Collected data entries:
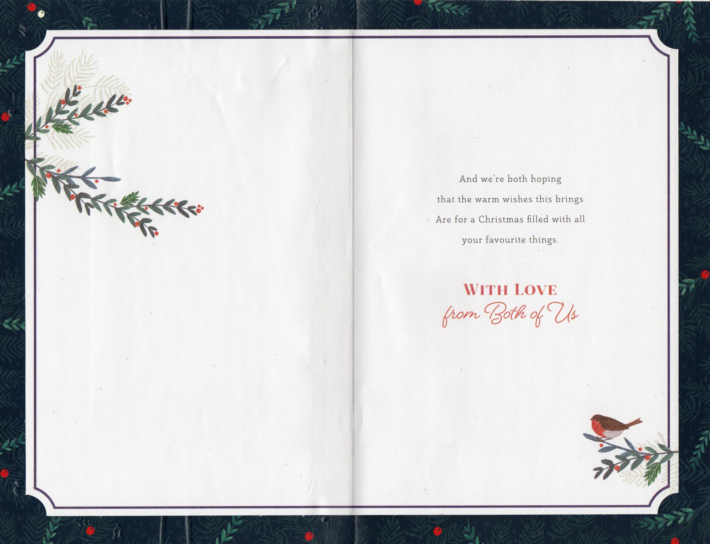 Inside reads: And we're both hoping that the warm wishes this brings Are for a Christmas filled with all your favourite things. With Love from Both of Us
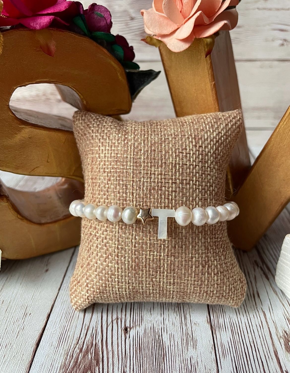 Pulsera de perlas de río con inicial de nácar y estrellita dorada. La pulsera es elástica.
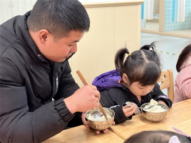 在亲子互动环节中,接力跳圈圈、合力运球等游戏欢声笑语不断,大大提高了亲子情感和默契配合;在手工制作环节,家长与孩子们共同为纪念照打造专属相框,封装成长感动。在最具烟火气的饺子宴环节,亲子协作包饺子、共品美味,暖意融融。
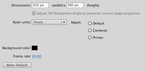 Launch Flash and create a new Flash Document, set the stage size to 320x280px and the frame rate to 24fps.
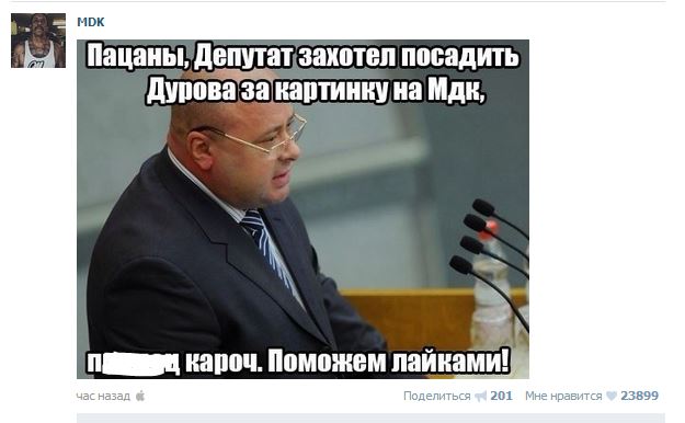 Депутат Госдумы Михаил Маркелов потребовал привлечь главу «ВКонтакте» Павла Дурова к уголовной ответственности. Единоросса возмутила публикация в крупнейшем сообществе соцсети MDK. Картинка с нецезурной подписью и просьбой «Поможем лайками» была посвящена теракту в Волгограде.
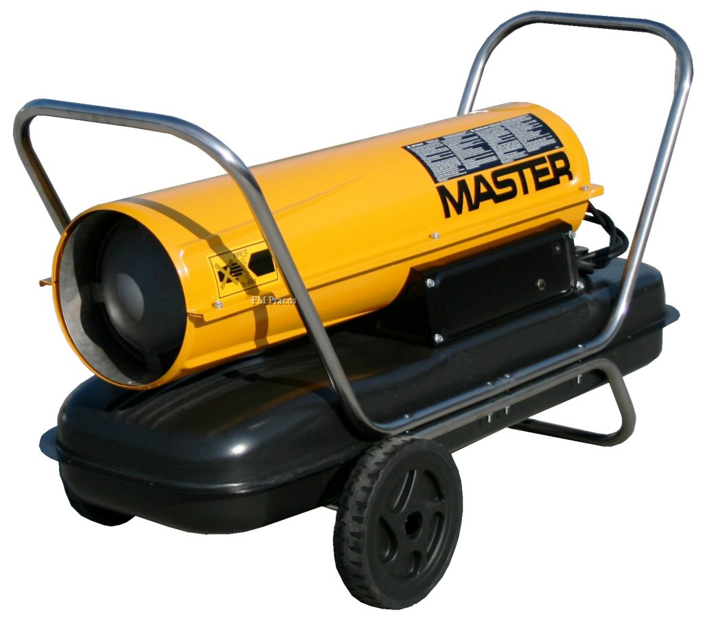 Mobilní nízkotlaké naftové topidlo MASTER B 100CED s přímým spalováním a bez odvodu zplodin o výkonu 27 kW.
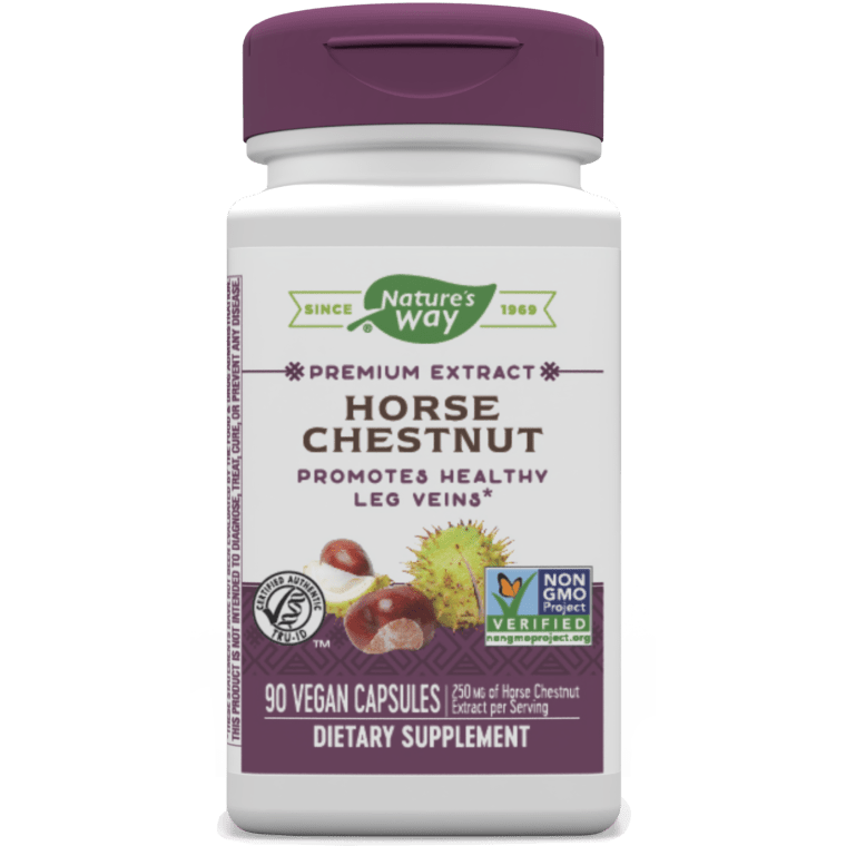 The horse chestnut tree grows around the world, and its seeds have been used for a variety of wellness purposes, including to help support healthy blood vessels.* Nature’s Way Horse Chestnut promotes healthy leg veins with a premium extract of horse chestnut seed, fusing the wisdom of the past with the power of our rigorous testing and high quality standards
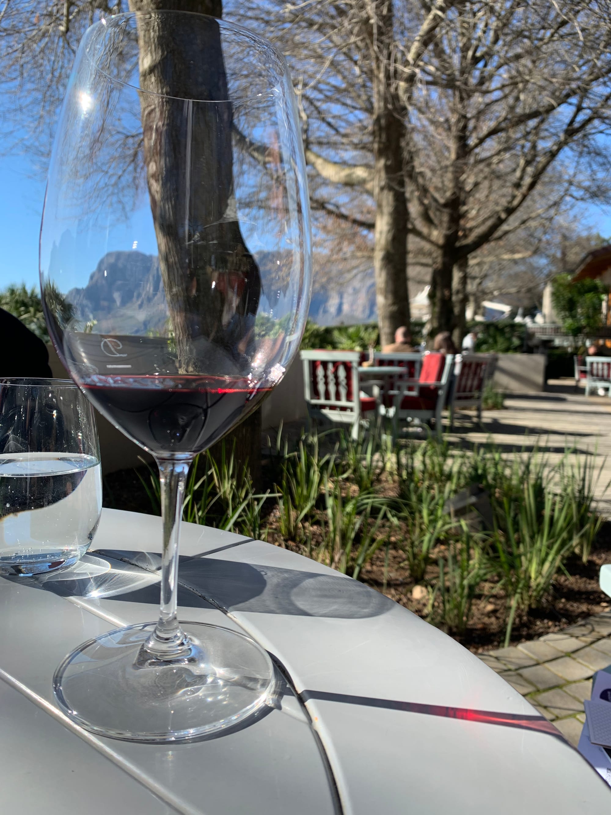 Winter sun in the Delaire Graff court
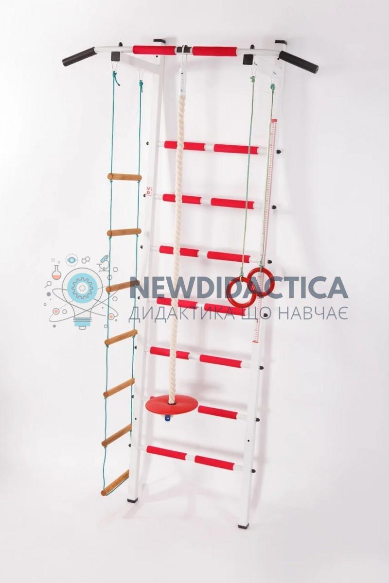 Комплектація Шведської стінки VD Юнона: шведська стінка з металевими перекладинами з неопреновими накладками зі стаціонарним турніком з широким хватом (консолі турніка приварені до стійок шведської стінки) дитячий навісний набір з 5 предметів: канат (або диск-тарзанка), кільця, мотузкові сходи, гімнастична трапеція, дитячий навісний турнік кронштейни кріплення до стіни (4 шт), верхні і нижні штока для розпору «підлога-стеля» зростомір. Шведська стінка VD Юнона комплектується двома видами кріплення: кріплення в розпір пів-стеля і кріплення до стіни. Кріплення в розпір «підлога-стеля» проводиться за допомогою нижніх розпірних і верхніх штоків. Висота приміщення при такому кріпленні повинна знаходиться в межах 2,45 – 2,85 м. При висоті понад 2,85 м можна замовити подовжені верхні штока (максимальна висота приміщення для кріплення пів-стеля 3,10 м). Кріплення до стіни використовується в приміщенні висотою не нижче 2,35 м і проводиться 4 виносними кронштейнами, в кожному з яких по 2 точки кріплення. Всього 8 точок кріплення. Для кріплення до стіни необхідні анкери або дюбель діаметром 10 мм і довжиною від 70 мм. Анкера в комплектацію не входять. Зазвичай використовують один з видів кріплення (або в розпір, або кріплення до стіни). Розміри Шведської стінки VD Юнона: висота – 2,27 м, ширина – 0,66 м, ширина турніка – 1,12 м, виліт турніка – 0,42 м (від стійки шведської стінки), довжина кроштейна кріплення до стіни 12 см. Максимальна вага користувача – 120 кг. Колір: метал – білий, накладки - червоні, сині.

*WHAT IS BEING ASKED:* Among the entries above, locate the line with "Launch Flash and" and the line with "Mobilní nízkotlaké naftové". Give those two lines and all lines between them again, exactly, leaving out the pictures.

*RESPONSE FOR THIS EXERCISE:*
 Launch Flash and create a new Flash Document, set the stage size to 320x280px and the frame rate to 24fps.
 Депутат Госдумы Михаил Маркелов потребовал привлечь главу «ВКонтакте» Павла Дурова к уголовной ответственности. Единоросса возмутила публикация в крупнейшем сообществе соцсети MDK. Картинка с нецезурной подписью и просьбой «Поможем лайками» была посвящена теракту в Волгограде.
 Mobilní nízkotlaké naftové topidlo MASTER B 100CED s přímým spalováním a bez odvodu zplodin o výkonu 27 kW.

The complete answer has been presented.